O presidente da Comissão, Eduardo Lucacin, conduziu a reunião e mediou os debates sobre os temas prioritários para o setor

“Leite perdido, equipamento queimado. O que mais tem é produtor com situações como essas. O Sistema Faep tem atuado em Brasília e via Ministério Público Estadual, para cobrar da concessionária a qualidade do serviço. Porém, talvez tenhamos que, como comissão, pensar em soluções e outras alternativas para minimizar os danos”, afirma Lucacin.

Quanto à sanidade, o tema do combate à Brucelose apareceu no debate. “O controle da doença é pré-requisito básico para nos tornarmos competitivos em nível mundial”, diz o vice-presidente da CT, Roger van der Vinne, que também é médico veterinário e produtor em Carambeí, na região dos Campos Gerais. “Cada um em sua propriedade precisa dar o exemplo, gerindo a saúde do rebanho, realizando os testes e vacinação e buscando a certificação de livre da doença”, destaca.

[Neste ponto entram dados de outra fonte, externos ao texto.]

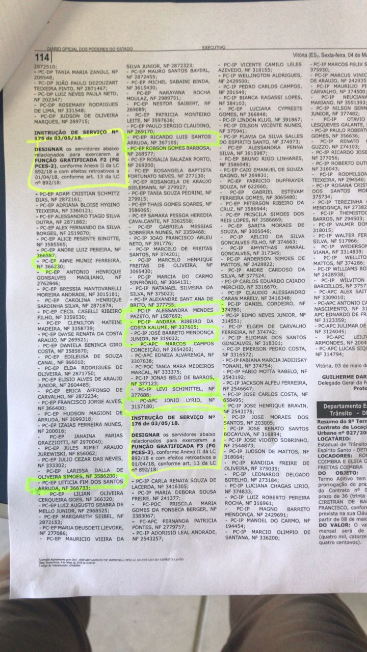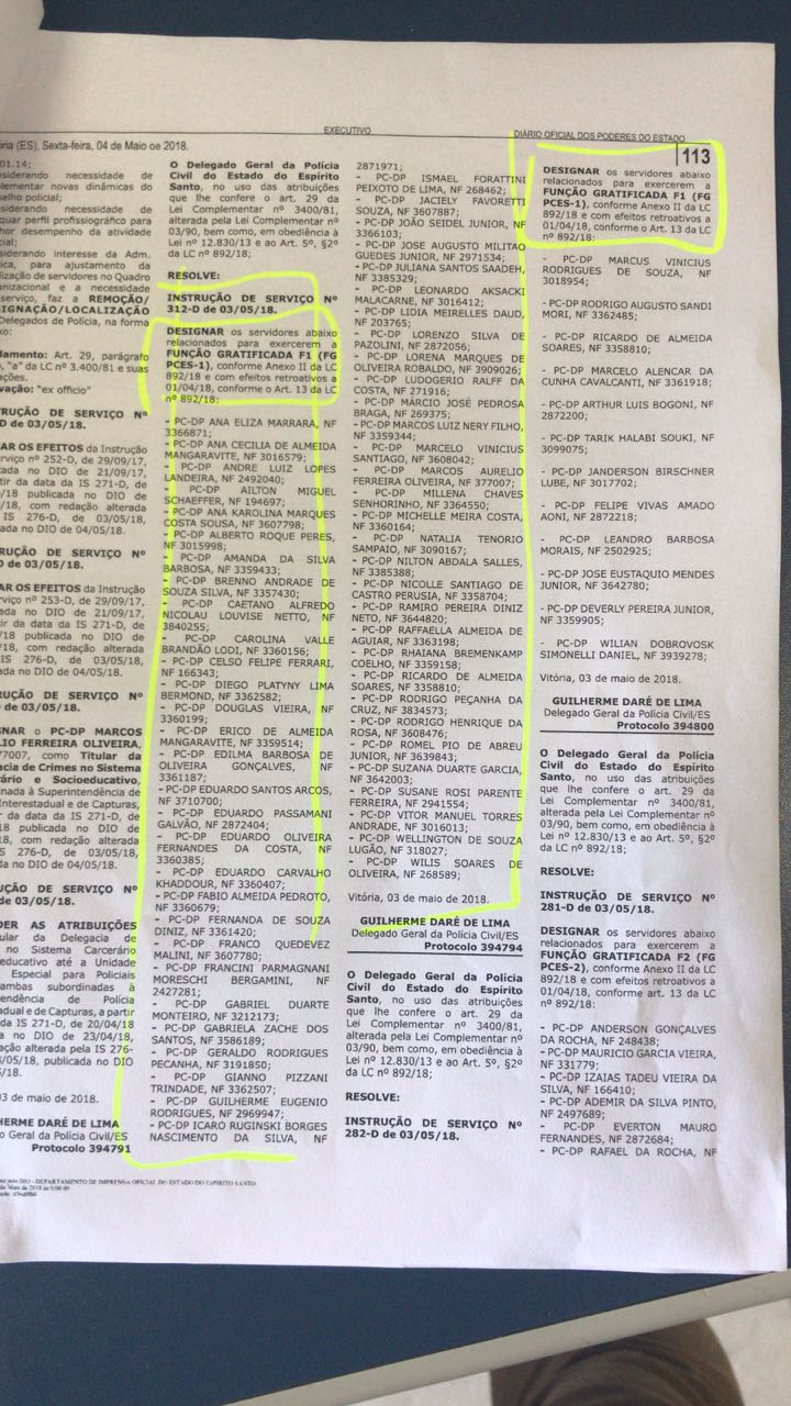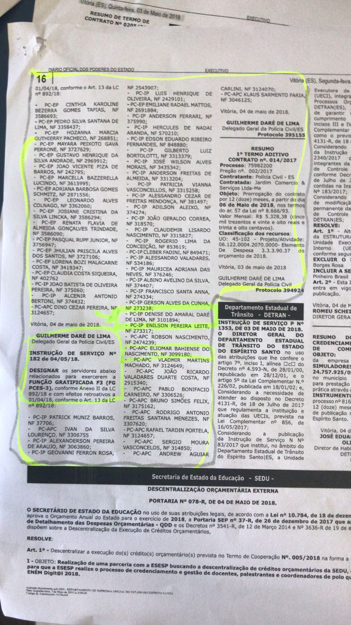 Todos os atos (Instruções de Serviços) são assinados pelo Delegado Geral da Polícia Civil, Guilherme Daré de Lima – antes, o nome do cargo era Chefe de Polícia e foi alterado com a lei. A situação é tão atípica que Guilherme Daré assinou gratificação para sua própria esposa, Denise do Amaral Daré de Lima, que é investigadora de Polícia, publicada no Diário Oficial do Estado de segunda-feira (07/05), conforme Instrução de Serviço nº 182 de 4 de maio de 2018.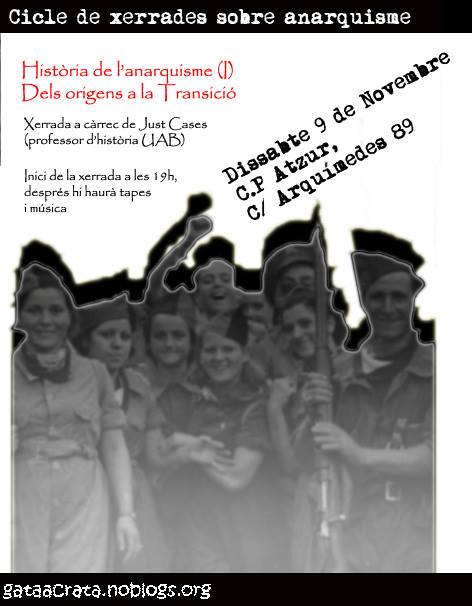 Comencem amb un cicle de xerrades sobre anarquisme, que començarà al Casal Popular Atzur amb el professor d’història de la UAB Just Cases, també militant de la CNT-AIT de Terrassa.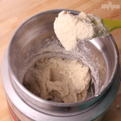 The soap we used in this recipe was fully cured cold process. If your soap is fresher, you may need a little less water. I would recommend adding small amounts until you reach the mashed potato consistency shown above 🙂 That’s the nice thing about rebatch, you don’t have to be quite as exact!

Outro assunto que também foi discutido na reunião da comissão foi a possibilidade de aumento da rentabilidade com os derivados, em especial os sólidos, a proteína do soro (whey) e o concentrado proteico do leite. “A gente tem que preparar para todas essas tendências. Buscamos isso pela comissão e pelo Conseleite”, conclui o presidente da CT.